Data records START

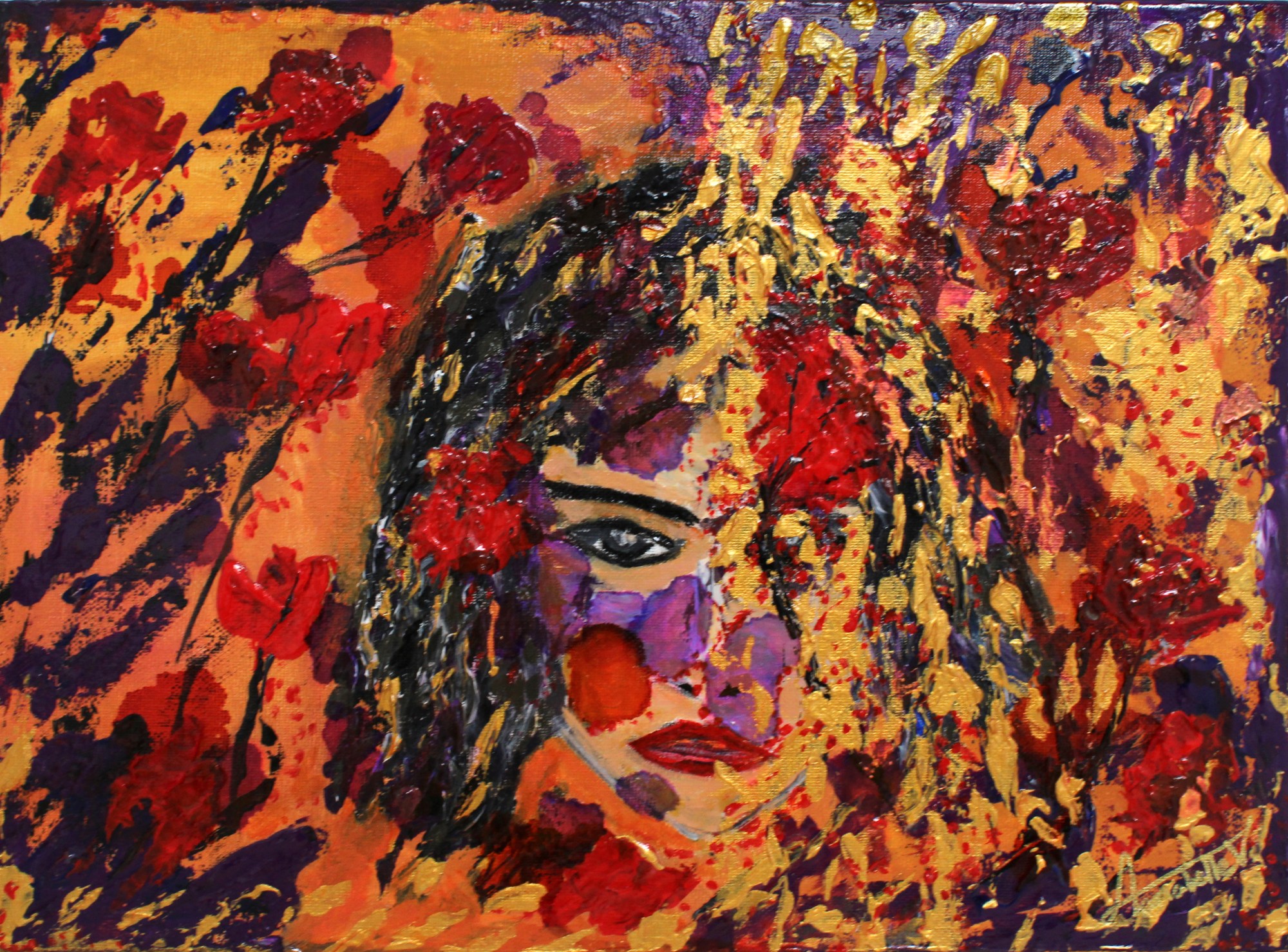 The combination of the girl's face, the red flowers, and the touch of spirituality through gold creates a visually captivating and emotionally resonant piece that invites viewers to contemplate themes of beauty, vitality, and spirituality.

Data records END
Data records START

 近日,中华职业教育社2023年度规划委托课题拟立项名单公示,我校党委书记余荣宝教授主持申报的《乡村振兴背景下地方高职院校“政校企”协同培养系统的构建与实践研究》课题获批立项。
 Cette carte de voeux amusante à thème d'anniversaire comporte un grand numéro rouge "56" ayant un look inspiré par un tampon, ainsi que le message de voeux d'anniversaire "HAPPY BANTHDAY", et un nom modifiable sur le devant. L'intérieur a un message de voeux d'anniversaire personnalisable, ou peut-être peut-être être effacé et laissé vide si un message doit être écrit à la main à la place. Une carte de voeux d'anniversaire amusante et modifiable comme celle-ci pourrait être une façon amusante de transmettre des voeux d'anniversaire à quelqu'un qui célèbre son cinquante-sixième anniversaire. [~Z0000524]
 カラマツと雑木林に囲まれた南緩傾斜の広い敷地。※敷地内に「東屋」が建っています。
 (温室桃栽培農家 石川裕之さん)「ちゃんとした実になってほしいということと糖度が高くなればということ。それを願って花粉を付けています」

Data records END

Try it –
Of the entries above, transcribe exactly those lines that fall between the line containing "カラマツと雑木林に囲まれた南" and the line containing "(温室桃栽培農家 石川裕之さ", together with those two lines.

Response –
 カラマツと雑木林に囲まれた南緩傾斜の広い敷地。※敷地内に「東屋」が建っています。
 (温室桃栽培農家 石川裕之さん)「ちゃんとした実になってほしいということと糖度が高くなればということ。それを願って花粉を付けています」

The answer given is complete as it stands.